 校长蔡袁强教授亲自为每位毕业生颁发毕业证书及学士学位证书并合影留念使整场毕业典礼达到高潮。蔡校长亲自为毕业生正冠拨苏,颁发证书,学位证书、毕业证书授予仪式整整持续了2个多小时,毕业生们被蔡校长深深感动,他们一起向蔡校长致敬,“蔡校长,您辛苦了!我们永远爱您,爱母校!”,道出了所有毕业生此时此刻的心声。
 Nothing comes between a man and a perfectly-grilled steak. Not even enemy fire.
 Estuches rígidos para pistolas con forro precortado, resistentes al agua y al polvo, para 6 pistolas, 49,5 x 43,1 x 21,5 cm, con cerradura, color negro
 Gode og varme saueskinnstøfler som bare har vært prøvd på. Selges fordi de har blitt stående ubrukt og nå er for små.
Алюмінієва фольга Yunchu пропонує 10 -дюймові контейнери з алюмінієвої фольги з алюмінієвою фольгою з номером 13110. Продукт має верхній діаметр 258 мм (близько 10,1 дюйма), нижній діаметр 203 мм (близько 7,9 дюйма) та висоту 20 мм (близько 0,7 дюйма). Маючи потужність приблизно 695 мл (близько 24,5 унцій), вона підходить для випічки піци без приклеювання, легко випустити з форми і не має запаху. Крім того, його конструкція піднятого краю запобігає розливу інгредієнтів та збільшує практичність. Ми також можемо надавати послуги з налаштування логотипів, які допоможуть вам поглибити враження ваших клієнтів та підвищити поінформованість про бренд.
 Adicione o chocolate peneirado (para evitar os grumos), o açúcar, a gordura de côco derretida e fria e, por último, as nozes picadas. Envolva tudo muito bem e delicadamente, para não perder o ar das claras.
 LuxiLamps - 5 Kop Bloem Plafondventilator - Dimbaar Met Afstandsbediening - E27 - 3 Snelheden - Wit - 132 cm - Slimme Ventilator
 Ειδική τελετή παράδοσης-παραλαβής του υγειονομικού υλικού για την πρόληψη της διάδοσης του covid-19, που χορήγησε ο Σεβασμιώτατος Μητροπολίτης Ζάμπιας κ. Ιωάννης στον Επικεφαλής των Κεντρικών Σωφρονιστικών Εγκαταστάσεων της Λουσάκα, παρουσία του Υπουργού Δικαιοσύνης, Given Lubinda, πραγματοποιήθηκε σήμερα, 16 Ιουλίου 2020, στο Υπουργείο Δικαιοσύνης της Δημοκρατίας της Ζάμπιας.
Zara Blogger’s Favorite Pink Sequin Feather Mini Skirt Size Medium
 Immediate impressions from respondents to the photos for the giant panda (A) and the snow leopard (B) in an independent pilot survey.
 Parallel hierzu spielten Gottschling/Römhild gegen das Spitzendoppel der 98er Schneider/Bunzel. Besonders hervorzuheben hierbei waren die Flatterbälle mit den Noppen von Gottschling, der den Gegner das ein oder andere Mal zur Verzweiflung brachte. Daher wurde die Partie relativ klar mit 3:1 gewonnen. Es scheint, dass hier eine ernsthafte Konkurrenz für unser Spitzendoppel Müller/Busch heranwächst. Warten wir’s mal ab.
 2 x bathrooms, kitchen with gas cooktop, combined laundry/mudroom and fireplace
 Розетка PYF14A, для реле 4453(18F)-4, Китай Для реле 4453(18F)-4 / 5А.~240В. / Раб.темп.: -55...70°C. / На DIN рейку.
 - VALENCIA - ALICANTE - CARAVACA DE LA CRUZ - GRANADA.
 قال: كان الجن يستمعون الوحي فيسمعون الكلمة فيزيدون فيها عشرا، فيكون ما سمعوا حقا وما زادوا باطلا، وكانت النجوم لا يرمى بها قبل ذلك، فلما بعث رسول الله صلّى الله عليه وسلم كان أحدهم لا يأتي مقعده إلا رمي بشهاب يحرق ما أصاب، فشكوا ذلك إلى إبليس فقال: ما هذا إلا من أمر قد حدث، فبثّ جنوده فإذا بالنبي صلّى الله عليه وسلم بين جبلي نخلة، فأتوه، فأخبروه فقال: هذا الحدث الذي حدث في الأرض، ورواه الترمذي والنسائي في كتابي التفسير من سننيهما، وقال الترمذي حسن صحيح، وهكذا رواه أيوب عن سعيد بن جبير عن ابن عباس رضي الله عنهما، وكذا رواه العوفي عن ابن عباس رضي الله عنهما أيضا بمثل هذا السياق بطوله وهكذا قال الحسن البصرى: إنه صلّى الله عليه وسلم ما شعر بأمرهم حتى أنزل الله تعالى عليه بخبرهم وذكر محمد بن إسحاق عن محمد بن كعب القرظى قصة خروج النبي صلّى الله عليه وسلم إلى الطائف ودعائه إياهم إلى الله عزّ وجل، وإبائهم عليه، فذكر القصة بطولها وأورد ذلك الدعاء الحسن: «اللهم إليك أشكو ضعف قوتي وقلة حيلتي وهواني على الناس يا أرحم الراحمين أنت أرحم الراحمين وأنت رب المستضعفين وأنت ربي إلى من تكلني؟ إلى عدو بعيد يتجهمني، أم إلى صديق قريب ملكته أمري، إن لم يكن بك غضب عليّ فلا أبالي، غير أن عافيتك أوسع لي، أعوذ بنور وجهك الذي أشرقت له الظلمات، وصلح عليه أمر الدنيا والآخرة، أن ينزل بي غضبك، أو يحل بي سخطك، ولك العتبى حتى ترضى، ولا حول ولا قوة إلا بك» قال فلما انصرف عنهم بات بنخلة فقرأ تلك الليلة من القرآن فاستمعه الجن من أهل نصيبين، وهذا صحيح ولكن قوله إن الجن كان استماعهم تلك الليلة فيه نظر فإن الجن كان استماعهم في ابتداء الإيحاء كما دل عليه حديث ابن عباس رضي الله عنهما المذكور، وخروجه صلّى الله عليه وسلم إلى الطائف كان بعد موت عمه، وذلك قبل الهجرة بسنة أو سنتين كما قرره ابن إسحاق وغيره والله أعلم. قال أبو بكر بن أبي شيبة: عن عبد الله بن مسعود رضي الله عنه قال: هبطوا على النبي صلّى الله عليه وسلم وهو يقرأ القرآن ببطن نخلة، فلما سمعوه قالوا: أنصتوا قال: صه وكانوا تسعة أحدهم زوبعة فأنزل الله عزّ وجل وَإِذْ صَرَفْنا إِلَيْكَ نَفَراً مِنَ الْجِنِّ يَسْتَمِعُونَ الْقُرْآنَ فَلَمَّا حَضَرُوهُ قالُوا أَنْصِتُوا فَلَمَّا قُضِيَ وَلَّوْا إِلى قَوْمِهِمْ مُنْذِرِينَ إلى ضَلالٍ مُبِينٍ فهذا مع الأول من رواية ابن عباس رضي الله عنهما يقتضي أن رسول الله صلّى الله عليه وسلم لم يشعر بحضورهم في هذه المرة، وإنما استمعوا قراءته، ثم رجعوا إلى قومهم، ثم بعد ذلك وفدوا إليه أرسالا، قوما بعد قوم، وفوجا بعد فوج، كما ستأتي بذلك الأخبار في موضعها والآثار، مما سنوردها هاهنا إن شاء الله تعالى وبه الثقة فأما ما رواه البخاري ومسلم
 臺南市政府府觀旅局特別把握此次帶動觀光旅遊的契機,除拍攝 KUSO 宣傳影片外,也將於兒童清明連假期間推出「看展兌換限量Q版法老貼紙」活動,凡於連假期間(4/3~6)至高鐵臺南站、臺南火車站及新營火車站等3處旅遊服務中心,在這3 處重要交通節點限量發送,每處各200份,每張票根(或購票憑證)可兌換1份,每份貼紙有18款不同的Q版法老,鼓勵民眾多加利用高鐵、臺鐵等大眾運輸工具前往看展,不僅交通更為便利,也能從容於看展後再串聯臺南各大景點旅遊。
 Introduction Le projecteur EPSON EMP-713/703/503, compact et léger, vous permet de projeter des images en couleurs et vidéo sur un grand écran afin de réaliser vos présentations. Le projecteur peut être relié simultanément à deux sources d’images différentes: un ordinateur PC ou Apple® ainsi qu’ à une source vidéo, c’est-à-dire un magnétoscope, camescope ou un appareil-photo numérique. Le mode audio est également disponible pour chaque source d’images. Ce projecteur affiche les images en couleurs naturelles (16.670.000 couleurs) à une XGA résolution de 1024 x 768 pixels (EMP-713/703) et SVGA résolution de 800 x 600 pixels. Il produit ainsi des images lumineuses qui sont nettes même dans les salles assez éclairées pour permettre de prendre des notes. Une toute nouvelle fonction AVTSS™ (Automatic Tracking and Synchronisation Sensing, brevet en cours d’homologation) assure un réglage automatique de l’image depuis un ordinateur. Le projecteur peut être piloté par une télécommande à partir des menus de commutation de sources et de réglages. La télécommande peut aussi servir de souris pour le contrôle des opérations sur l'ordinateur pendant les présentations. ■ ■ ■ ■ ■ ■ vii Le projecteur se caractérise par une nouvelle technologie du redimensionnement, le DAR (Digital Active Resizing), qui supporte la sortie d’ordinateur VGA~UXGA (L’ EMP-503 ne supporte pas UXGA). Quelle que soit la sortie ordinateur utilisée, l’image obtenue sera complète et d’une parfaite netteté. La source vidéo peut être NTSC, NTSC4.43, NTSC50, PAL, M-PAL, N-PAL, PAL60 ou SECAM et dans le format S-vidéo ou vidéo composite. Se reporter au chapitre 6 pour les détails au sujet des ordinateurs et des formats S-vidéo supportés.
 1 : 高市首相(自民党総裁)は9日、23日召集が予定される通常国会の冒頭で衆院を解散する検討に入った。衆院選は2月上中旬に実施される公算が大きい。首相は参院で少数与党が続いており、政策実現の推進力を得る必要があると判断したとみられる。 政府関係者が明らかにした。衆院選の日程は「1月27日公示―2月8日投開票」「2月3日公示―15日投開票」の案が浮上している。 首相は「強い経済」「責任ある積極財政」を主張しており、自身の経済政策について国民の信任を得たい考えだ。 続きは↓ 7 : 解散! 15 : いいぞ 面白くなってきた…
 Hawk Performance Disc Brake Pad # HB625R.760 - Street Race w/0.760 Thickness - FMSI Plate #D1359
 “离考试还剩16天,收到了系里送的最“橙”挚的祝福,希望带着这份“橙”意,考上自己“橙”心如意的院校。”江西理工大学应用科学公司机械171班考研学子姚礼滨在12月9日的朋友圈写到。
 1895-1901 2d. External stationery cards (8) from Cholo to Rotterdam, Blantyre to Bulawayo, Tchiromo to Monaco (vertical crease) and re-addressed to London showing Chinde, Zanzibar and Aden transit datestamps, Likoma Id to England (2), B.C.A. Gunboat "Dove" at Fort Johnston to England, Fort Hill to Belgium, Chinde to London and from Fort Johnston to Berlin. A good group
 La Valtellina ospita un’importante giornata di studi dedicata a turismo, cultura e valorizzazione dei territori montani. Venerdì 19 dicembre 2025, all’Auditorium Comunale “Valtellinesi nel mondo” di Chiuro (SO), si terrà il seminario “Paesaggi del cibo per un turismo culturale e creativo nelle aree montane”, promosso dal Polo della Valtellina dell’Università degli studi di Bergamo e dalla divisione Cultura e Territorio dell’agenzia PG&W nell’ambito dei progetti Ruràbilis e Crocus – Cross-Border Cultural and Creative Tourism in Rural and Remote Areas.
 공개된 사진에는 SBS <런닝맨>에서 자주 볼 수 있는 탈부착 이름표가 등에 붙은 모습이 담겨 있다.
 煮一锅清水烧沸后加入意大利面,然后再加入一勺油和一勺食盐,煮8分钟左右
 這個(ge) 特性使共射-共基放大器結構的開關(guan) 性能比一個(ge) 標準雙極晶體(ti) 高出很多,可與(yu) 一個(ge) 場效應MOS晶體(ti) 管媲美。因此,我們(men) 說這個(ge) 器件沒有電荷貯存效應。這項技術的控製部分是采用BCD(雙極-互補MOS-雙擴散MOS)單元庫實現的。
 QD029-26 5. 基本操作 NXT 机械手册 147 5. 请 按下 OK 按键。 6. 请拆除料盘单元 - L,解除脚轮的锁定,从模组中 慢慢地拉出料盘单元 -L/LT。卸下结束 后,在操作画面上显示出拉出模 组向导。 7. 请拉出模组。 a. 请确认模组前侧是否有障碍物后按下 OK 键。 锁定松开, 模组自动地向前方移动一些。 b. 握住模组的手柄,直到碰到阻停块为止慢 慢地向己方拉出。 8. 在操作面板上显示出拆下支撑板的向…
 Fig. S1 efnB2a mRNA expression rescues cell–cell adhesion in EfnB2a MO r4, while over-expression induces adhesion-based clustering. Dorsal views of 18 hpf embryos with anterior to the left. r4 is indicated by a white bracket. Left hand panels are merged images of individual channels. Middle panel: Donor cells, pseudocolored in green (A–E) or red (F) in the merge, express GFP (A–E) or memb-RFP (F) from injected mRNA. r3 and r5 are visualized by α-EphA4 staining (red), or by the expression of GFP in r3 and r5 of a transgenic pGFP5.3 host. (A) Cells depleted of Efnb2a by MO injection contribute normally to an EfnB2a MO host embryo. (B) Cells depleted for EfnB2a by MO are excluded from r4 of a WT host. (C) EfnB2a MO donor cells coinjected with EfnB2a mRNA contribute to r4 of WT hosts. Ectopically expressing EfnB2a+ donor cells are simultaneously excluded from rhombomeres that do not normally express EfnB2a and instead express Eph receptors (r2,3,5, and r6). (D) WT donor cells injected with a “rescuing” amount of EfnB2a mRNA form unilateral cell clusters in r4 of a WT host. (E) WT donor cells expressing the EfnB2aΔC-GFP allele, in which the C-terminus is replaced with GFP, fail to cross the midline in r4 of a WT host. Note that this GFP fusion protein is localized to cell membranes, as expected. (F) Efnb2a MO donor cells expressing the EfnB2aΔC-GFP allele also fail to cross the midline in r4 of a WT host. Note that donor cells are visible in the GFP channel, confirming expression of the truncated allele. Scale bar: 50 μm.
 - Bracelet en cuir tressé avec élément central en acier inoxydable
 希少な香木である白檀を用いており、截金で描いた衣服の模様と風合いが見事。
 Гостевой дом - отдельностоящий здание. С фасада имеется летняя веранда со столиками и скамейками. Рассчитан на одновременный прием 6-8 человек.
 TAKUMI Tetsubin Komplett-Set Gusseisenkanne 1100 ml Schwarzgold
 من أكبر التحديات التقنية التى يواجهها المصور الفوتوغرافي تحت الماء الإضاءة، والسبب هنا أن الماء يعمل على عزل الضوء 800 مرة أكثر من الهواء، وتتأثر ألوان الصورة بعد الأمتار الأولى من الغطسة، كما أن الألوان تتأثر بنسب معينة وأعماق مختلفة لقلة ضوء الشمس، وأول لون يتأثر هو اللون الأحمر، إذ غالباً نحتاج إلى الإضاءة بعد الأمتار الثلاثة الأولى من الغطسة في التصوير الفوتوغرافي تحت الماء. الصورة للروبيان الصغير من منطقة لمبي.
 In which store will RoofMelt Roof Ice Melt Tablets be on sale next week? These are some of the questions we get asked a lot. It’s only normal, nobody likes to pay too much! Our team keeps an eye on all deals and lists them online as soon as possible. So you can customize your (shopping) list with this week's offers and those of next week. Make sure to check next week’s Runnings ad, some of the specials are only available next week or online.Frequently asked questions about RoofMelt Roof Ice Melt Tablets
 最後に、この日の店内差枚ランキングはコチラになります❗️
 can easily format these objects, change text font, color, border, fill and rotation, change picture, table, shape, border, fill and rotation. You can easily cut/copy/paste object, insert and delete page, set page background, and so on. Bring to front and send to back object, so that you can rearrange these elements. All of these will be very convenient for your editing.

_BRIEF:_ When the word "your" occurs in a line above, list that line.

_RESPONSE AREA:_
 In which store will RoofMelt Roof Ice Melt Tablets be on sale next week? These are some of the questions we get asked a lot. It’s only normal, nobody likes to pay too much! Our team keeps an eye on all deals and lists them online as soon as possible. So you can customize your (shopping) list with this week's offers and those of next week. Make sure to check next week’s Runnings ad, some of the specials are only available next week or online.Frequently asked questions about RoofMelt Roof Ice Melt Tablets
 can easily format these objects, change text font, color, border, fill and rotation, change picture, table, shape, border, fill and rotation. You can easily cut/copy/paste object, insert and delete page, set page background, and so on. Bring to front and send to back object, so that you can rearrange these elements. All of these will be very convenient for your editing.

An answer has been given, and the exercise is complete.